6.3 Corporate Governance Policy Compliance Report
The Board of Directors established the policy that encourage all employees to
behave honesty and properly and accountable to stakeholders, and shareholders at all time.
This will, in turn, become the organization culture that values social responsible.
Independence and Impartiality of Directors
The Board of Directors has performed its duty and exercised its discretion
independently from the managements and major shareholders. Each director has the duty
and is independence to ask questions, express opinions, make objection or vote as he/she
sees fit in relation to all matters affecting the interests of the company, shareholders or
stakeholders.
Qualifications of Directors
The Board of Directors consisted of various qualities including age, profession,
and knowledge which are beneficial for the company operation and can bring about fresh
perspective.

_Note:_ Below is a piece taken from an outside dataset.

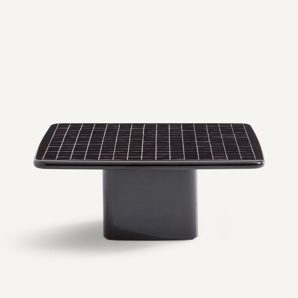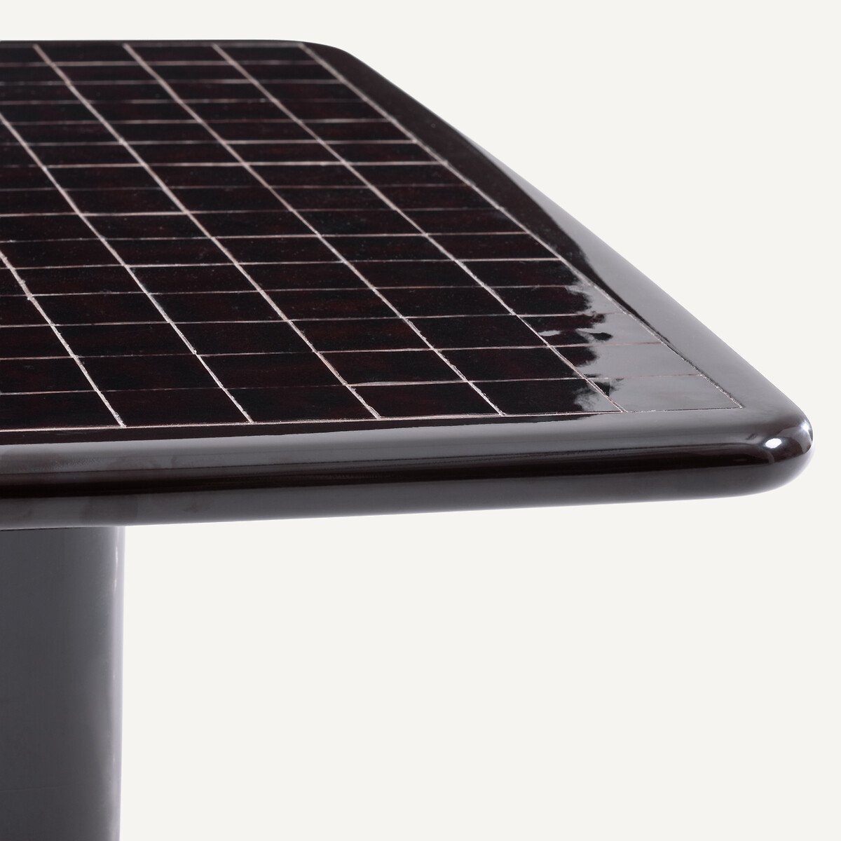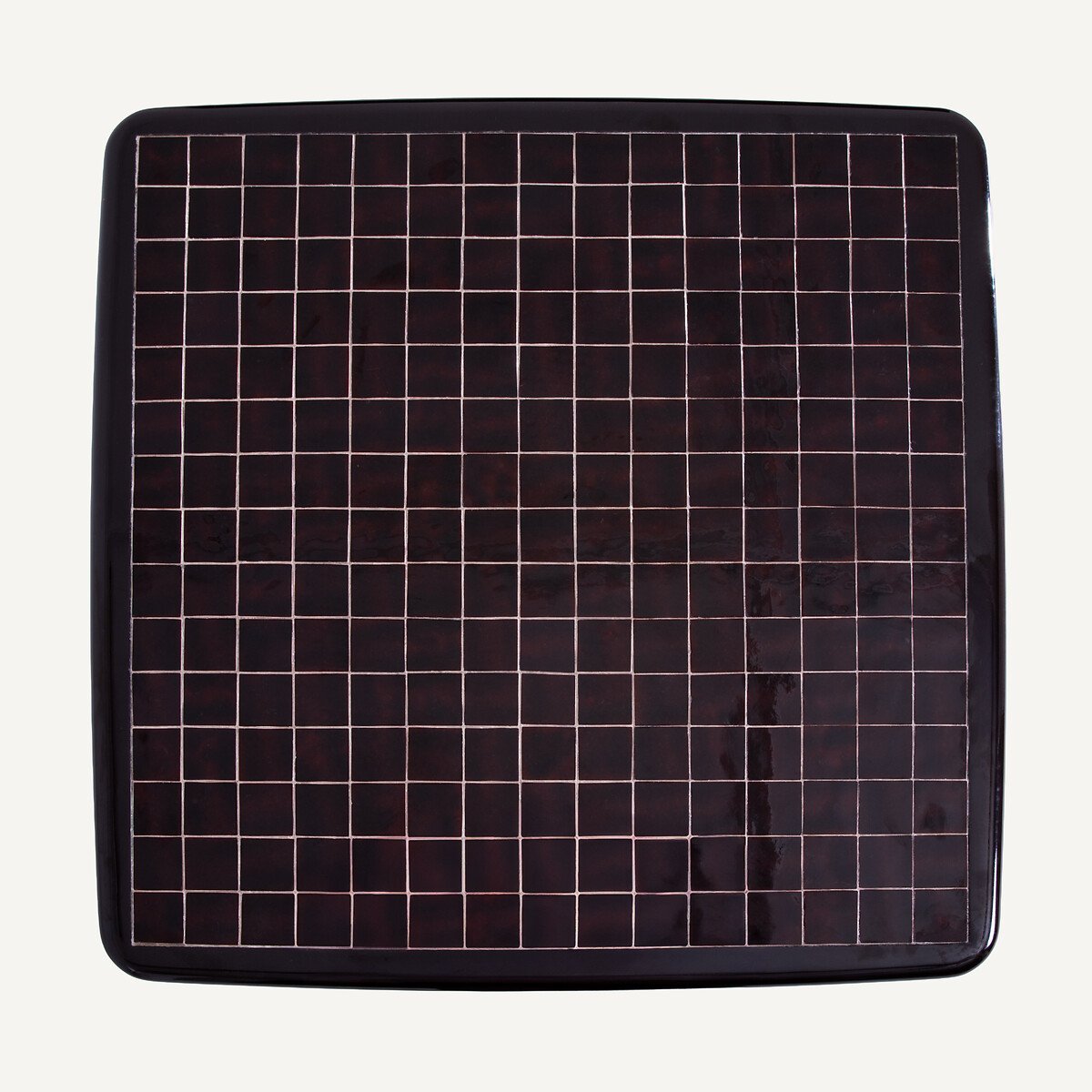 — Столешница инкрустирована блестящей керамической плиткой ручной работы; каждое изделие уникально.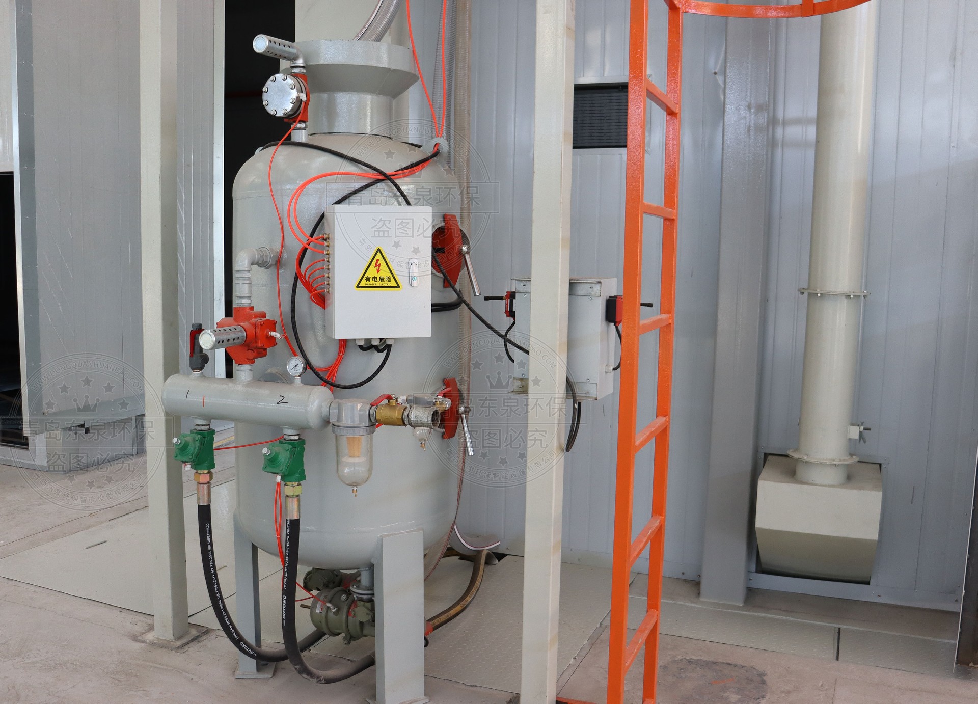 4)砂料分選采用過濾網式篩選,把大的雜物擋在噴砂機之外,細微粉塵由除塵系統(tǒng)進行吸收,從而保證砂料的均勻性。

Directors had adequate time to perform their duties to the fullest extent with
high ethical standard. In 2022, none of the directors of the Company served as director of
other listed company more than 5 companies.
Duties of Chairman of the Board of Directors
Key duties of the Chairman as leader are to ensure effective functioning of the
Board. The Chairman is accountable to the board and function as a coordinator between the
Board and the management through the President. The Chairman also has duty to further
communicate the Board’s resolutions as appropriate.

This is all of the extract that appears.